Переглянувшись, ребята дружно бросились в палату, отделенную от приемной массивной прозрачной дверью. Здесь все было из гладкого, до блеска начищенного металла, белого дюропласта и тонкого зеленовато-синего транспаристила. Блондинка невнятно-серенькой внешности — видимо, та самая, что без боя сдала Милли Аргейлу, — в компании медицинского дроида грузила раненого в резервуар с кольто. Вдоль стен стояли ряды навороченных коек, оснащенных системами жизнеобеспечения. Большая их часть пустовала: видимо, больных в Академии либо быстро выхаживали, либо они долго не жили.

— Милли! — Иллин с тихим стоном опустилась на колени рядом с койкой, на которой лежала Милли. Зажав рот ладонью, провела дрожащей рукой по светлым, слипшимся от пота волосам подружки. — Бедная моя… Что эта сволочь с тобой сделала?

Милли спала на животе, беспокойно, шумно дыша. Ее бледные, растрескавшиеся губы были приоткрыты, вся левая половина лица распухла и посинела от сильного удара. На тонких ручках виднелись следы от наручников. Они слегка поджили, но все равно выглядели скверно: запястья припухли и приобрели нездоровый лиловый цвет; там, где стальные браслеты впивались в кожу, она стерлась в кровь. Плечи и спину девочки сплошь покрывали пропитанные кольто бинты.

Ремис поджал губы и отвел взгляд. Его кулаки сжимались и разжимались. Рисса ласково и осторожно, чтобы не задеть введенные под кожу электронные инъекторы и датчики, погладила Милли по предплечью.

— Чуть не убили, гады, — ошарашено выдохнул Ремис. — Это бред какой-то. Почему Аргейл так взъелся на нашу малявку?

— А сам не понимаешь?! — Иллин глянула на него с такой яростью, будто это он был виноват в том, что случилось с Милли. Она была такой бледной, что ее саму впору было класть рядом с подружкой. — Не в Милли дело. Дело в нас. В нас всех.

Покачав головой, она отвернулась и принялась с отсутствующим видом перебирать волосы Милли. Ее руки дрожали, но губы были решительно сжаты. В ее глазах читалась злоба, какую Рисса видела только у самых опасных уличных отморозков — тех, по кому жизнь проехалась катком, и так несколько раз, пока всю человечность не перемолола.

Риссе начинало казаться, что в теле тихой и робкой Иллин живут две личности. И не приведи Сила разозлить ее, когда бодрствует вторая.

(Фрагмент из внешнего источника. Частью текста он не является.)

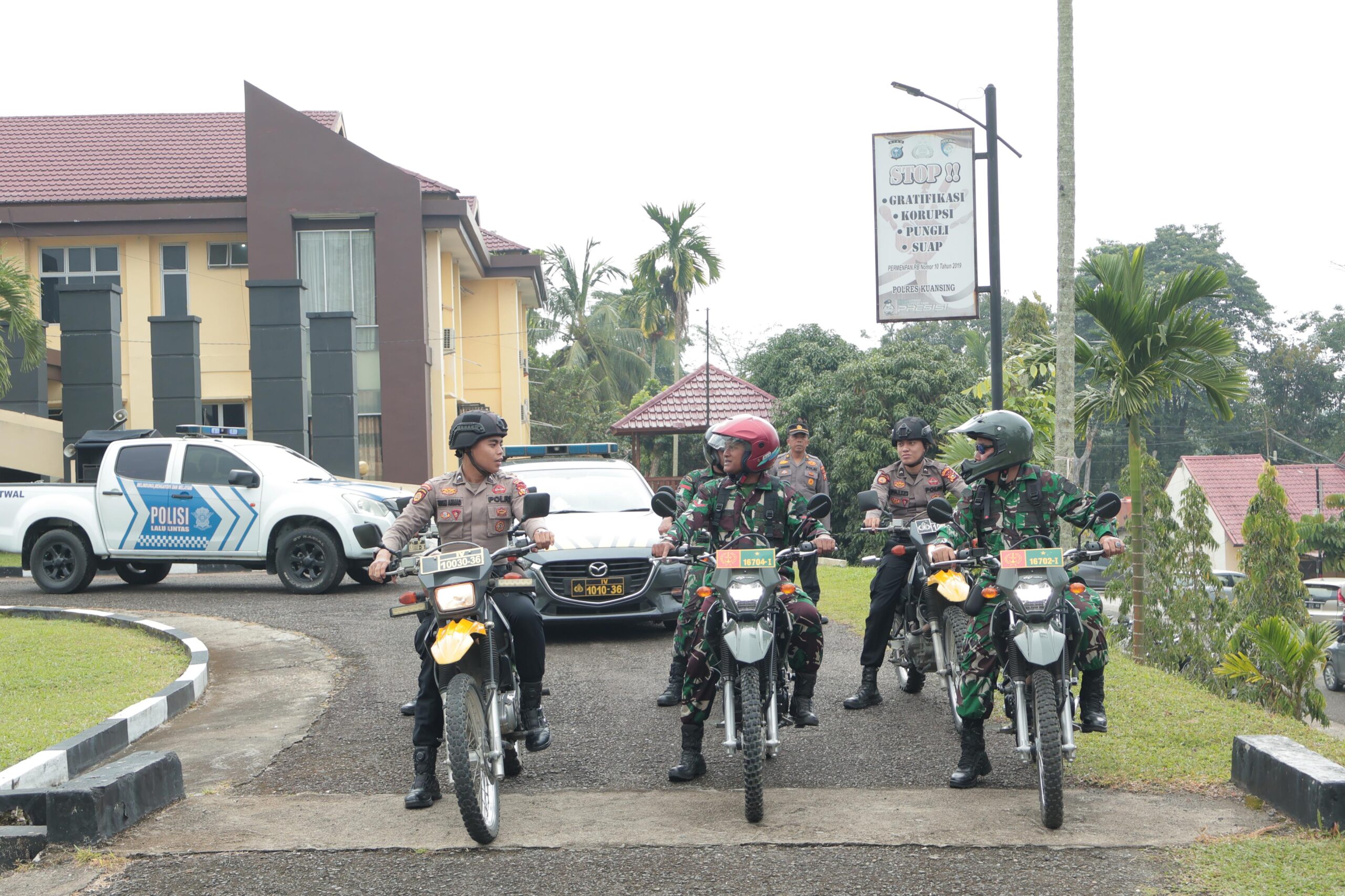 Sasaran Patroli yakni Perkantoran Pemerintah Daerah (Pemda) Kabupaten Kuansing, Kantor Komisi Pemilihan Umum (KPU) Kabupaten Kuansing, dan Kantor Badan Pengawas Pemilu (Bawaslu) Kabupaten Kuansing. Tindakan yang Dilakukan dengan Melaksanakan patroli menggunakan kendaraan roda empat untuk mengantisipasi potensi gangguan Kamtibmas di lokasi-lokasi rawan tindak pidana, Memberikan arahan kepada personel pengamanan objek vital agar melaksanakan tugas sesuai prosedur, dan Menyampaikan imbauan Kamtibmas kepada masyarakat Kabupaten Kuansing guna meningkatkan kesadaran akan pentingnya menjaga keamanan bersama.
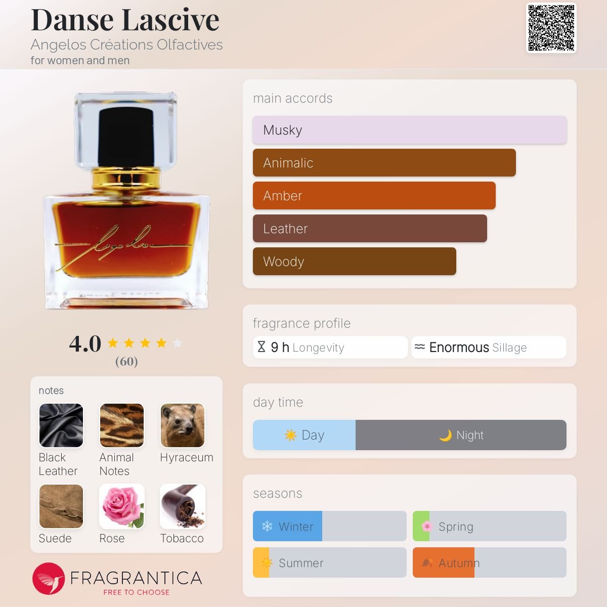 Danse Lascive by Angelos Créations Olfactives is a fragrance for women and men. Danse Lascive was launched in 2023. The nose behind this fragrance is Angelos Balamis. Top notes are Black Rose, Bulgarian Rose, Birch, Saffron and Bourbon Geranium; middle notes are Black Leather, Animal notes, Suede, Turkish Rose and Tobacco; base notes are Hyrax, Olibanum, Civet, Java vetiver oil, Labdanum, Oakmoss and Atlas Cedar.
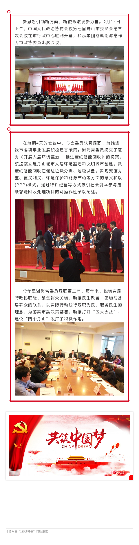 和泓集團(tuán)總裁謝海常出席舟山市政協(xié)七屆三次會(huì)議
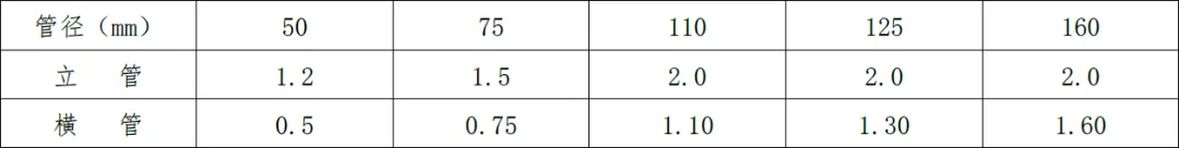 8)排水塑料管道支吊架间距,不大于下表规定。

— И все равно я ее не понял, — прошептал Ремис на ухо Риссе. — Нет, мне очень жалко Милли, но при чем тут все мы?

Рисса тяжело вздохнула. Еще вчера она, возможно, тоже не поняла бы, но сегодня ее уже третий раз за два дня ткнули носом в одно и то же дерьмо. Только непроходимая дура могла бы после этого сказать, что здесь просто грунт такой.

"Аргейл угробит вашу группу. Либо труп, либо тот, кто пройдет по твоему трупу". М-да, а я-то надеялась, что он меня просто припугнуть хочет".

— Вот ты вроде умный, а все равно тупой. Скажи, у нас хоть один имперец в группе есть?

— Нет. Но при чем здесь…

Ремис осекся. Рисса с мрачным удовлетворением смотрела, как медленно вытягивается его лицо, а глазах недоумение сменяется страхом.

— Дошло наконец, в каком мы дерьме?

В ответ Ремис только грязно и заковыристо выругался.

— Вижу, что дошло.

* * *

Поздним вечером Академия оживала. После ужина послушников наконец-то предоставляли самим себе, и всем оставшимся до утра временем они распоряжались как хотели: кто-то чах над уроками, часами сидел в библиотеке, медитировал и тренировался, а кто-то развлекался в кантине, без толку слонялся по коридорам или просто отсыпался, готовясь к следующему дню — такому же тяжелому, как и предыдущий. Рисса очень удивилась, узнав, что официального отбоя в Академии не было: предполагалось, что после обязательных занятий послушники должны заниматься самосовершенствованием, а здоровый сон — вещь вовсе не обязательная и вообще для слабаков.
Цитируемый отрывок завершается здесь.